*** Opening of Source material ***

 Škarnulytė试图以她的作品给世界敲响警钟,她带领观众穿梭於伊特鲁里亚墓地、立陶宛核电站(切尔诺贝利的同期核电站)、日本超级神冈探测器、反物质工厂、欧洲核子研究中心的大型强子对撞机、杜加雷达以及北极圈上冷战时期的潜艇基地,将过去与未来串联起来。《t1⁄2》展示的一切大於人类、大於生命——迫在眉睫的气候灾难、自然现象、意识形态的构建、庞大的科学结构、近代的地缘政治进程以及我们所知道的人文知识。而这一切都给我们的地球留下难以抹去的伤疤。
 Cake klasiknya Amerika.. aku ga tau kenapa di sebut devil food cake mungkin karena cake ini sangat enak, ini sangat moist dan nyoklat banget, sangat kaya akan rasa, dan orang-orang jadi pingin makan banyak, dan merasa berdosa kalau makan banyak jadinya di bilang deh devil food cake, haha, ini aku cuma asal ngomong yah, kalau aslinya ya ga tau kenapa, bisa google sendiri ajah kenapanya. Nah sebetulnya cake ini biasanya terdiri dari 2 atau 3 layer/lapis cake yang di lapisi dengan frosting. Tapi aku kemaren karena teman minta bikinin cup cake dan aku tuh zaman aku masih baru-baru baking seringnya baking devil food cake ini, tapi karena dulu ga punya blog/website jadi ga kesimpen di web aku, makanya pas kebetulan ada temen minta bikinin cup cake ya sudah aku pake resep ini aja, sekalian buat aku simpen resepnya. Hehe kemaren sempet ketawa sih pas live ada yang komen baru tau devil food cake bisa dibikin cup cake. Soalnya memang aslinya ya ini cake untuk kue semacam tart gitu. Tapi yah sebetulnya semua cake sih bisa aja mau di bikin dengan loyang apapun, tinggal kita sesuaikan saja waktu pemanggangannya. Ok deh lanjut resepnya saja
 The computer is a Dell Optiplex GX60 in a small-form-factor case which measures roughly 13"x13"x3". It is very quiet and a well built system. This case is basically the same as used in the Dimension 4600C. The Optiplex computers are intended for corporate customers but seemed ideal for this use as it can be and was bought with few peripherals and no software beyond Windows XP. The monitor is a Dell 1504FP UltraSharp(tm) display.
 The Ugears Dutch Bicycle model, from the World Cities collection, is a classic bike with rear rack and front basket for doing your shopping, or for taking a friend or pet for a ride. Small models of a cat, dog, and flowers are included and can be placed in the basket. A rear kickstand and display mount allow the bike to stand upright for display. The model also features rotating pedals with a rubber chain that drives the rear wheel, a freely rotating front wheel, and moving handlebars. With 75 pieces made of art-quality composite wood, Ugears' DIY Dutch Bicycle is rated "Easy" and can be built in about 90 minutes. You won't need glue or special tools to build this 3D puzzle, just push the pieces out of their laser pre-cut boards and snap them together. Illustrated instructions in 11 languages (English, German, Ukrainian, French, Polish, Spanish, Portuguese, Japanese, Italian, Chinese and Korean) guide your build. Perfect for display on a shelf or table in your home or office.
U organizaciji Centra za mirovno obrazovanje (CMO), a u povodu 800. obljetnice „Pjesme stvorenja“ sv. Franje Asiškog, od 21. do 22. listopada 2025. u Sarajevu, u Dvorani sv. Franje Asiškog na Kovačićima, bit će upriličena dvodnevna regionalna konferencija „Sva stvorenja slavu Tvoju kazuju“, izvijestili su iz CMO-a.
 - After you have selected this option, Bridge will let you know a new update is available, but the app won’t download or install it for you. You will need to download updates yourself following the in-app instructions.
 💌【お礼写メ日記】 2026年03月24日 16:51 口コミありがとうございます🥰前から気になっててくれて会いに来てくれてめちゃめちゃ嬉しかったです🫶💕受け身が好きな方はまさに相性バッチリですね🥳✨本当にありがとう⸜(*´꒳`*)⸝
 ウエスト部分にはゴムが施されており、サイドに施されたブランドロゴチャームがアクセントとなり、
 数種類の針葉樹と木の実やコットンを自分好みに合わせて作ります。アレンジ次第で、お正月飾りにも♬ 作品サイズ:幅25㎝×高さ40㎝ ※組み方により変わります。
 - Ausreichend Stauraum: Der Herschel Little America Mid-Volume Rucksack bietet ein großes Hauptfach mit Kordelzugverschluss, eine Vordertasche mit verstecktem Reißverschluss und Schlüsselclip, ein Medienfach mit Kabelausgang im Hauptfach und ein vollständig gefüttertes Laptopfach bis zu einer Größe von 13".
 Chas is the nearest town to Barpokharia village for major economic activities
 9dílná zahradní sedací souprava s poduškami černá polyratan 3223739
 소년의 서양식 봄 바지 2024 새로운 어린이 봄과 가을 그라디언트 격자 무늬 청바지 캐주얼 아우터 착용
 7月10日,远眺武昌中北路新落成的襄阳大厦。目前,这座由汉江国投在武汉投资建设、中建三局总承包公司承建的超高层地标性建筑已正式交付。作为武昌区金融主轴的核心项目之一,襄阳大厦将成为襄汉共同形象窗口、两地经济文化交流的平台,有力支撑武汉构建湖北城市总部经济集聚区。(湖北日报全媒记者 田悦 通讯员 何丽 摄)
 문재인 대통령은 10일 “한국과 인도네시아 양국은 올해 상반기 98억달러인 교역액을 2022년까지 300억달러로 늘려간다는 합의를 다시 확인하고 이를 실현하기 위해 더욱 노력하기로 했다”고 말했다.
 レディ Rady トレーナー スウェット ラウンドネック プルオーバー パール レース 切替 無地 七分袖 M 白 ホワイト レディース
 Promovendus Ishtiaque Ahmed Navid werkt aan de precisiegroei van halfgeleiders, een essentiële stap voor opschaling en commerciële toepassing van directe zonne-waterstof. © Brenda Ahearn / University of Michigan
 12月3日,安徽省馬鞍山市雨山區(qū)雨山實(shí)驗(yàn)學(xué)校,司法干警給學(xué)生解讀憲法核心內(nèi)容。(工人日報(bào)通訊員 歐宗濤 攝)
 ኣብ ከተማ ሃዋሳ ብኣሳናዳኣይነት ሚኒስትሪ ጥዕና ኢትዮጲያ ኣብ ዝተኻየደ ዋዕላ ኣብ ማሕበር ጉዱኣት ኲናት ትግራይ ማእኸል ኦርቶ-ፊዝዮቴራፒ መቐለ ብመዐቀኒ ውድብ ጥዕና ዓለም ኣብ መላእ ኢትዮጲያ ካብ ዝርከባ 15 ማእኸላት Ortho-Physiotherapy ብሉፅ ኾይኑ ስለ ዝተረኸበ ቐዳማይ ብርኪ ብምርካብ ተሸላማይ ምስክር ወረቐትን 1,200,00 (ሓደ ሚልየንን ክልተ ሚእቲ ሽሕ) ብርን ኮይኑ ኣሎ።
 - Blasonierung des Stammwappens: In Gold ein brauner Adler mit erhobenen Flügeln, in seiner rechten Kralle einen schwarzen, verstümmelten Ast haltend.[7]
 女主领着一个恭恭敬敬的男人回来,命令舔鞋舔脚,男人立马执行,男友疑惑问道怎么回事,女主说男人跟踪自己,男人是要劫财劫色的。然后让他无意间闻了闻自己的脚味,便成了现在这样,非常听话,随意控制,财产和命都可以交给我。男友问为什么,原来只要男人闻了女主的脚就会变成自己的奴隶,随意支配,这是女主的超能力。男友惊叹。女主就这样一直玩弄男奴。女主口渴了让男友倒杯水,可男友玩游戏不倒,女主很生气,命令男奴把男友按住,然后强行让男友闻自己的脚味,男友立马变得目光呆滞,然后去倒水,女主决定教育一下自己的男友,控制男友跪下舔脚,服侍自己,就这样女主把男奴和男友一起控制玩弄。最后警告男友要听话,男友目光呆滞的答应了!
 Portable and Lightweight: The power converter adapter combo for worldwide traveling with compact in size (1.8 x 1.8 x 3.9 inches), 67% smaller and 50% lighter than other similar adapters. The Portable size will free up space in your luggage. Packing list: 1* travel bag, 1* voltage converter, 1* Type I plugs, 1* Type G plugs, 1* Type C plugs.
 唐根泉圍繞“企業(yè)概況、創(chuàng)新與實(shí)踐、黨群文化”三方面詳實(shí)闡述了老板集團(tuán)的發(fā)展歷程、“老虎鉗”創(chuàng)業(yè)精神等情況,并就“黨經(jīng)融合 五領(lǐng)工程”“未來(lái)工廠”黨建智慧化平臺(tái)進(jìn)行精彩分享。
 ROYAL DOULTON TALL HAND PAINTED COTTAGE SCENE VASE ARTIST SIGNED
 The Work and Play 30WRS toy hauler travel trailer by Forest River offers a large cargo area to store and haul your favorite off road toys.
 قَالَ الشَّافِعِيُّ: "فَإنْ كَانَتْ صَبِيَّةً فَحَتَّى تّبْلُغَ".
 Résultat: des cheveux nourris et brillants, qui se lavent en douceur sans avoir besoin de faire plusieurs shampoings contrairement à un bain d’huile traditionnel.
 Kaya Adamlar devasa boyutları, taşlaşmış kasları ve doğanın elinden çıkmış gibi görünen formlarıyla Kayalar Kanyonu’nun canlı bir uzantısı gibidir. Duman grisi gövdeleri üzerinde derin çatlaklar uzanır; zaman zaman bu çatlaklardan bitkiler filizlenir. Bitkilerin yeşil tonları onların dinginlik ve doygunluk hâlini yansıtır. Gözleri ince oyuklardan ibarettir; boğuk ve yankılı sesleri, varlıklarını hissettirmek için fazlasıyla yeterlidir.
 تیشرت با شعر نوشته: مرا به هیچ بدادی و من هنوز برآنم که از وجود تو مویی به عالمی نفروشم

*** Close of Source material ***

Retype exactly the lines above, from the one with "كَانَتْ صَبِيَّةً فَحَتَّى" through the one with "Résultat: des cheveux", inclusive.

◆ Result of the exercise
 قَالَ الشَّافِعِيُّ: "فَإنْ كَانَتْ صَبِيَّةً فَحَتَّى تّبْلُغَ".
 Résultat: des cheveux nourris et brillants, qui se lavent en douceur sans avoir besoin de faire plusieurs shampoings contrairement à un bain d’huile traditionnel.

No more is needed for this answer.